*Action item*.
Each line from the one containing "Dieses außergewöhnliche, freistehende" to the end of the data must be copied exactly, the first and last included; no other lines and no pictures belong in the copy.

*Raw data*.
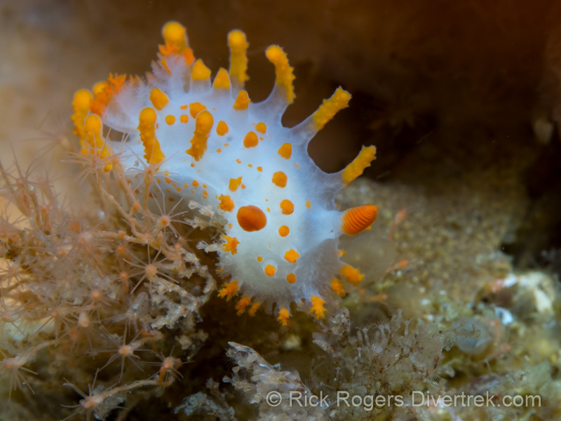 British Columbia, and the Browning Pass in particular, are well known for their macrolife. You’ll find it listed as one the top ten macro destinations in the world. The reason for this is that the life there is continually “force fed” nutrient rich water from the currents, which spurs an explosion in the diversity and quantity of life. Macro photographers will be rewarded for taking the cold (50 deg. F), and putting up with some current. The wall this year was filled with tiny crabs of all types, but I noticed that the nudibranchs weren’t as plentiful as last years’. Nudibranchs can be found at any dive site, but I had a lot of good luck at “Hoody Nudi Bay”, named in honour of the “Hooded Nudibranchs” that are found there. Here’s a sample of what I saw, to help show the diversity in not only life, but their amazing colours, forms, and textures:
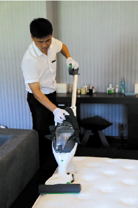 工作人员打开除螨机在床垫上来回吸了一遍。
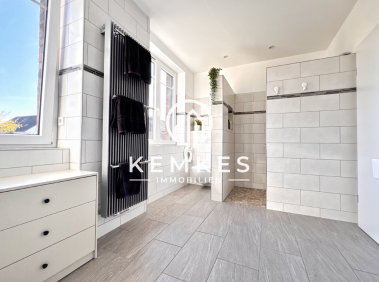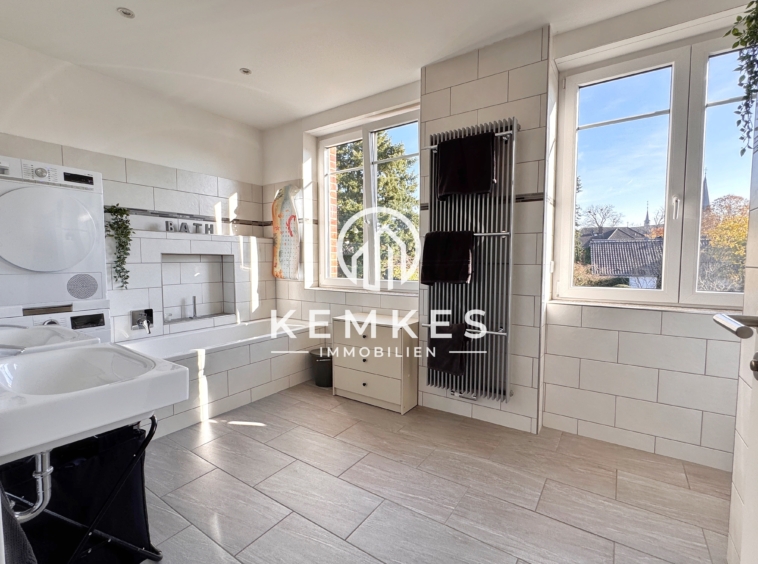 Dieses außergewöhnliche, freistehende Einfamilienhaus auf einem beeindruckenden 794 m² großen Grundstück vereint auf eindrucksvolle Weise historischen Charme mit modernem Wohnkomfort. Das Gebäude, die ehemalige Grundschule der Stadt Haldern, wurde im Jahr 2018 vollumfänglich saniert und präsentiert sich heute als stilvolles Wohnhaus mit herrschaftlich anmutendem Erscheinungsbild. Der Flair des Bestandsgebäudes wurde bewusst erhalten und mit neuzeitlicher Technik harmonisch kombiniert.
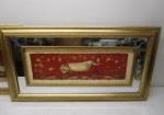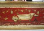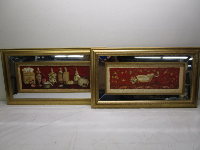 This beautiful pair of 27" X 15" vintage-style decorative wall art prints feature a bathroom related theme. These prints are complimented with ornate gold toned framed with mirrored trim. These items are in previously owned, good condition. Please preview.

*Answer section*.
 Dieses außergewöhnliche, freistehende Einfamilienhaus auf einem beeindruckenden 794 m² großen Grundstück vereint auf eindrucksvolle Weise historischen Charme mit modernem Wohnkomfort. Das Gebäude, die ehemalige Grundschule der Stadt Haldern, wurde im Jahr 2018 vollumfänglich saniert und präsentiert sich heute als stilvolles Wohnhaus mit herrschaftlich anmutendem Erscheinungsbild. Der Flair des Bestandsgebäudes wurde bewusst erhalten und mit neuzeitlicher Technik harmonisch kombiniert.
 This beautiful pair of 27" X 15" vintage-style decorative wall art prints feature a bathroom related theme. These prints are complimented with ornate gold toned framed with mirrored trim. These items are in previously owned, good condition. Please preview.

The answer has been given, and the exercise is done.